- Dataset records
┌──
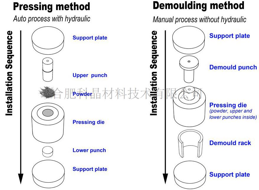 · 開始加壓時必須關上防護罩,若壓力機沒有防護罩,實驗人員必須佩戴防護罩(本公司的壓力機都安裝有防護罩) · 所壓粉末的粒度不可小于30um,若粉末粒度過小,加壓時粉末會滲入到壓桿和模具套筒內壁之間的間隙中,這樣會引起模具的損壞。 · 建議球磨和篩分后的粉末粒度控制在32~75um,請使用200目和450目的篩網對粉末進行篩分,取中間32~75um的粉末(可在本公司購買篩網),然后再進行粉末制片. · 每次使用前請用酒精清洗模具,使用后請將模具擦干凈,涂上防銹油,放置 ·
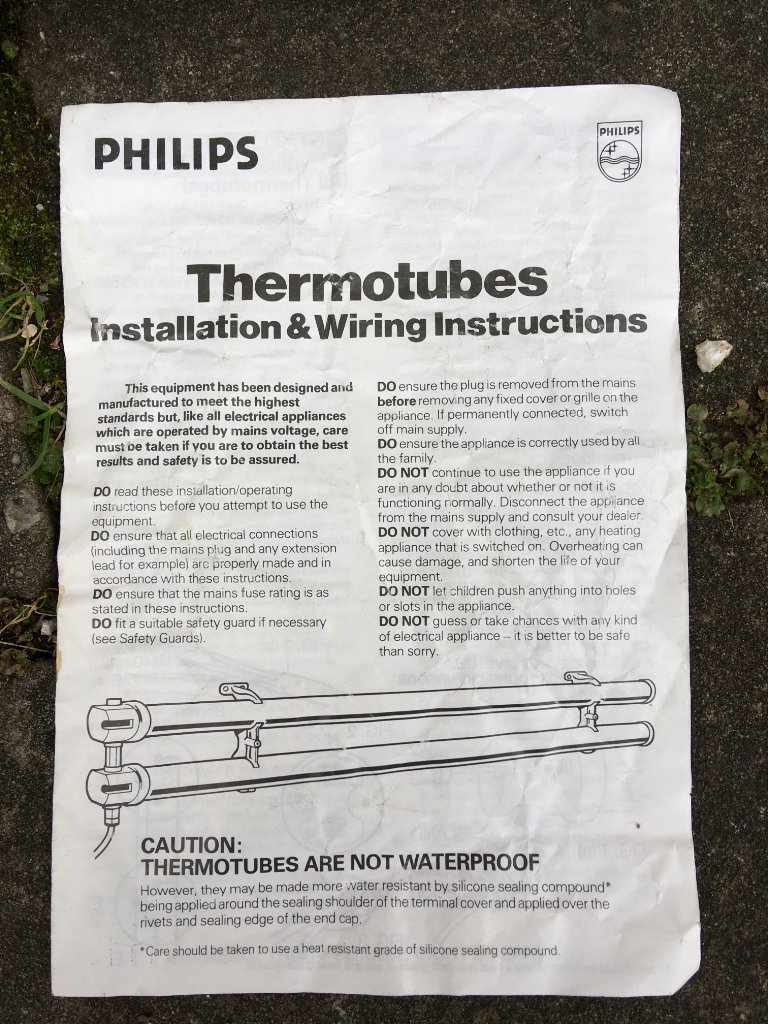 Philips 4 foot long bar radiator (60w per foot = 240w) for heating window displays, window sills, greenhouses (with your own timer attached), gentle hallway heat, small spare room etc.
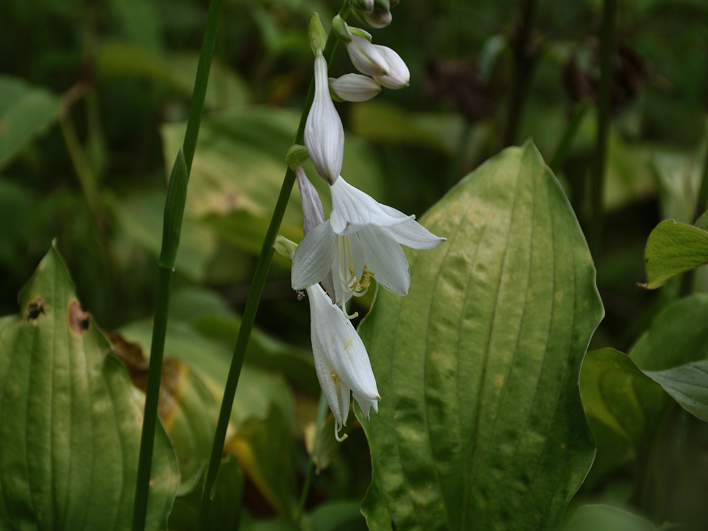 蕾の形が、橋の欄干の飾り「擬宝珠」に似ることからギボウシ 花の色が「シロ」いのでシロバナ
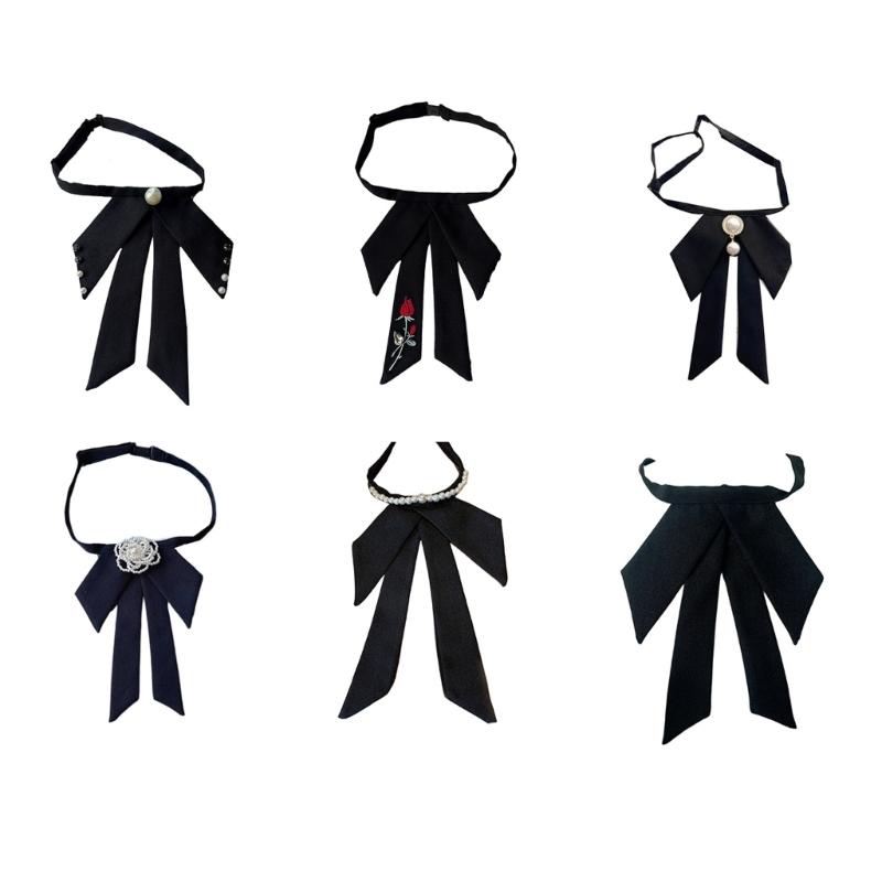 Damskie krawaty z muszką w stylu college'u, biżuteria z pereł, wstążka, krawat, mundurek szkolny, kokarda, muszka do kołnierzyka koszuli
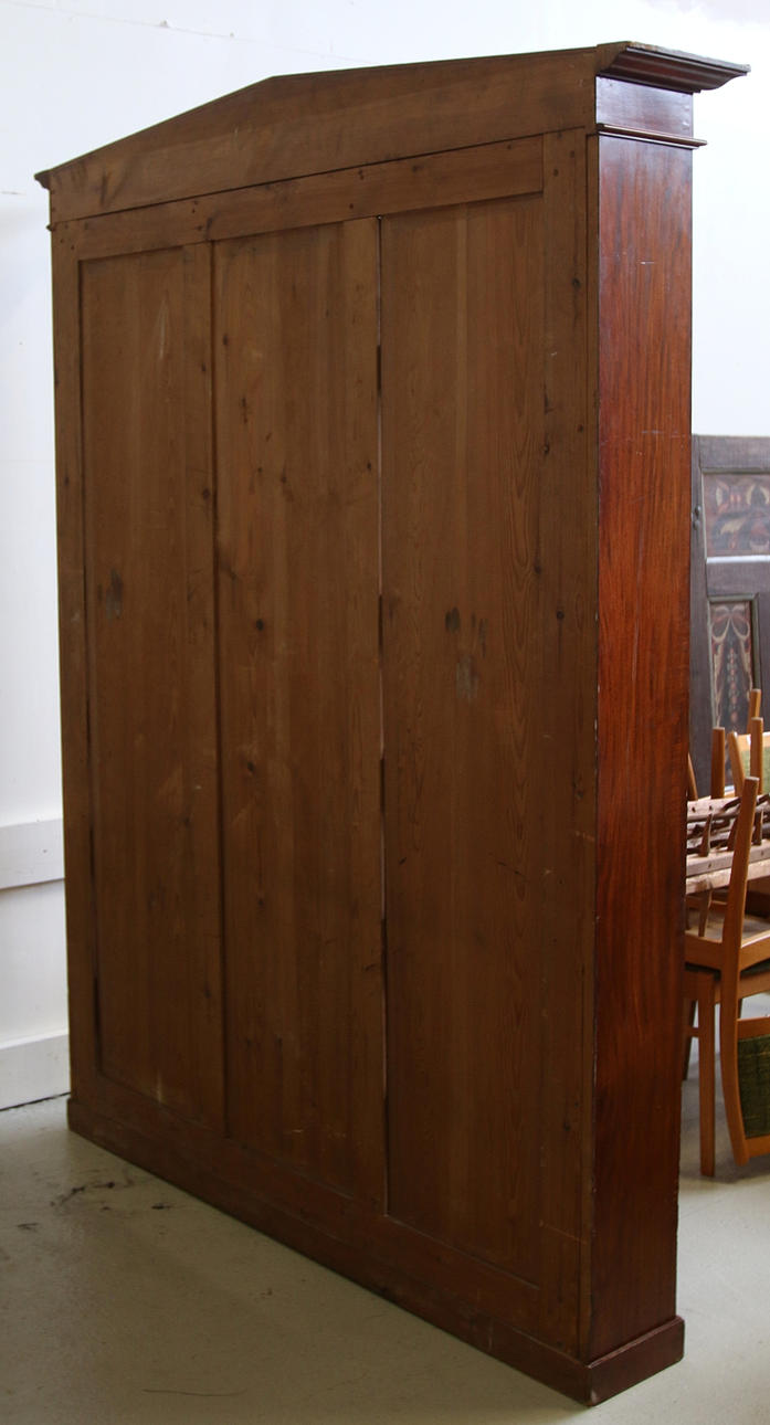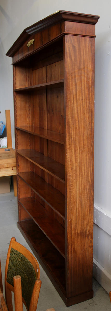 Librería con 5 estantes. Cresta con adorno dorado bruñido. Largo 150, ancho 28,5, alto 217 cm.
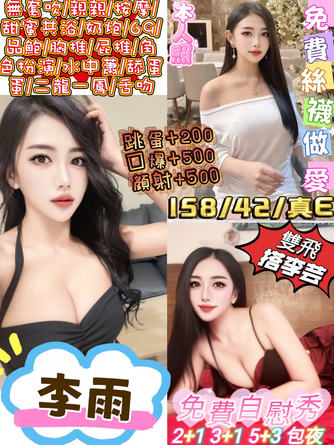 跳蛋+200 口爆+500 顏射+500 2+1S 3+1NS 5+3NS
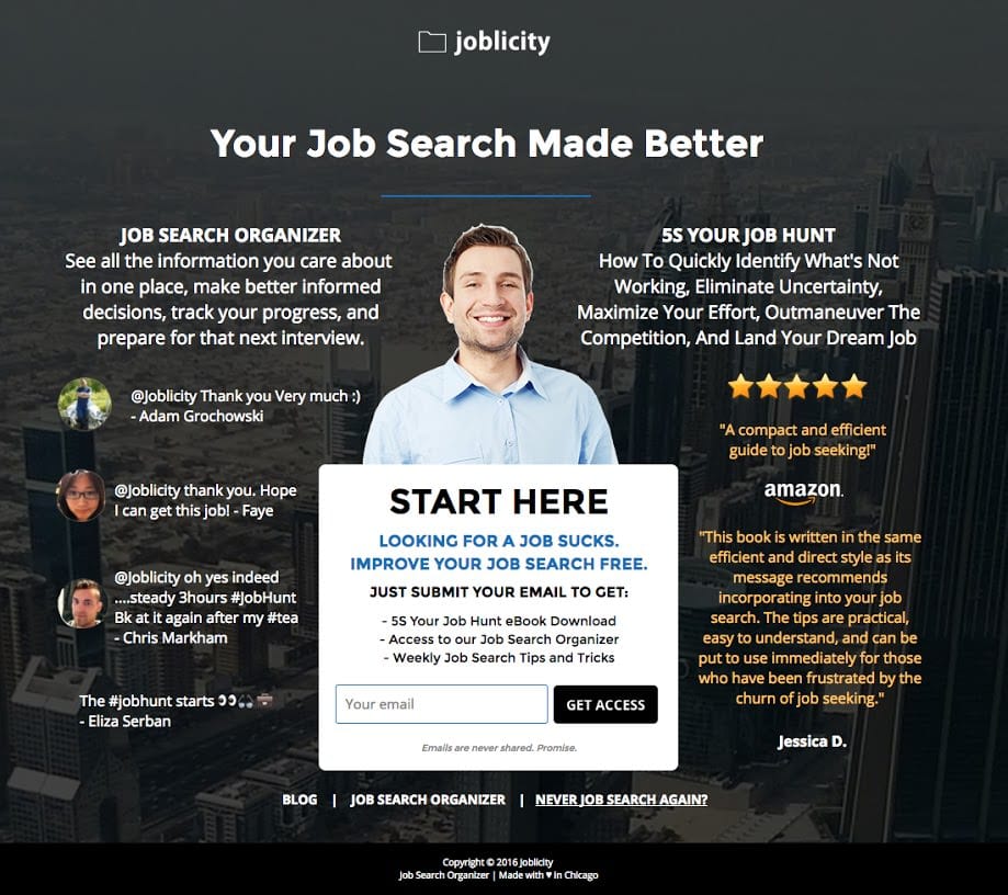 And one more. Every element on Joblicity’s page points your eyes directly at the form:
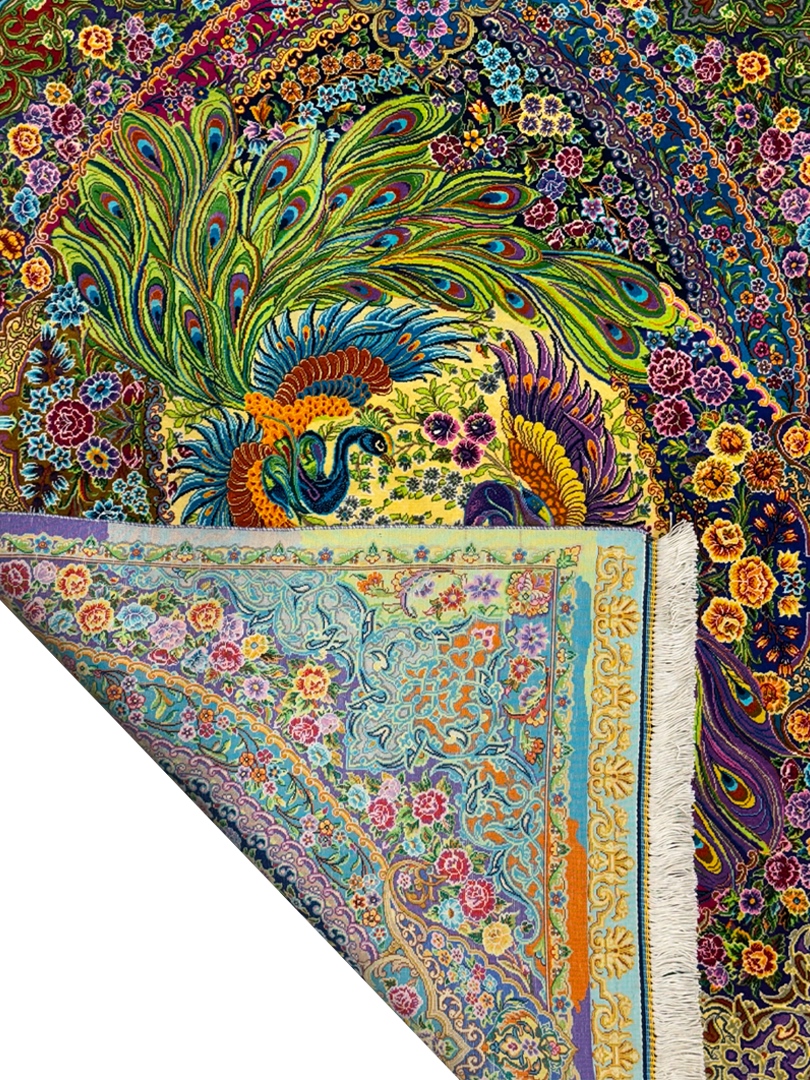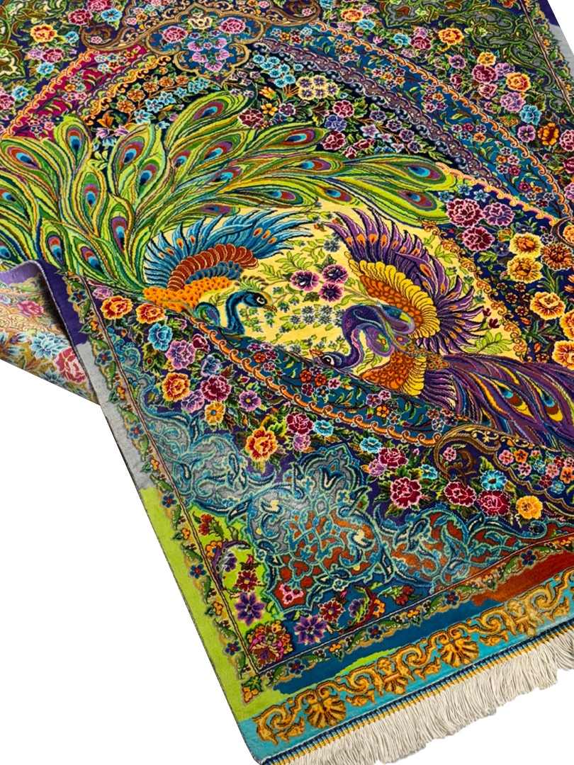 فرش دست بافت مستطیل طاووسی بهرام 80 رج تمام ابریشم کد 2003968
└──
- Exercise prompt
Repeat the data exactly, dropping every picture it holds.

- Solution for this problem
 · 開始加壓時必須關上防護罩,若壓力機沒有防護罩,實驗人員必須佩戴防護罩(本公司的壓力機都安裝有防護罩) · 所壓粉末的粒度不可小于30um,若粉末粒度過小,加壓時粉末會滲入到壓桿和模具套筒內壁之間的間隙中,這樣會引起模具的損壞。 · 建議球磨和篩分后的粉末粒度控制在32~75um,請使用200目和450目的篩網對粉末進行篩分,取中間32~75um的粉末(可在本公司購買篩網),然后再進行粉末制片. · 每次使用前請用酒精清洗模具,使用后請將模具擦干凈,涂上防銹油,放置 ·
 Philips 4 foot long bar radiator (60w per foot = 240w) for heating window displays, window sills, greenhouses (with your own timer attached), gentle hallway heat, small spare room etc.
 蕾の形が、橋の欄干の飾り「擬宝珠」に似ることからギボウシ 花の色が「シロ」いのでシロバナ
 Damskie krawaty z muszką w stylu college'u, biżuteria z pereł, wstążka, krawat, mundurek szkolny, kokarda, muszka do kołnierzyka koszuli
 Librería con 5 estantes. Cresta con adorno dorado bruñido. Largo 150, ancho 28,5, alto 217 cm.
 跳蛋+200 口爆+500 顏射+500 2+1S 3+1NS 5+3NS
 And one more. Every element on Joblicity’s page points your eyes directly at the form:
 فرش دست بافت مستطیل طاووسی بهرام 80 رج تمام ابریشم کد 2003968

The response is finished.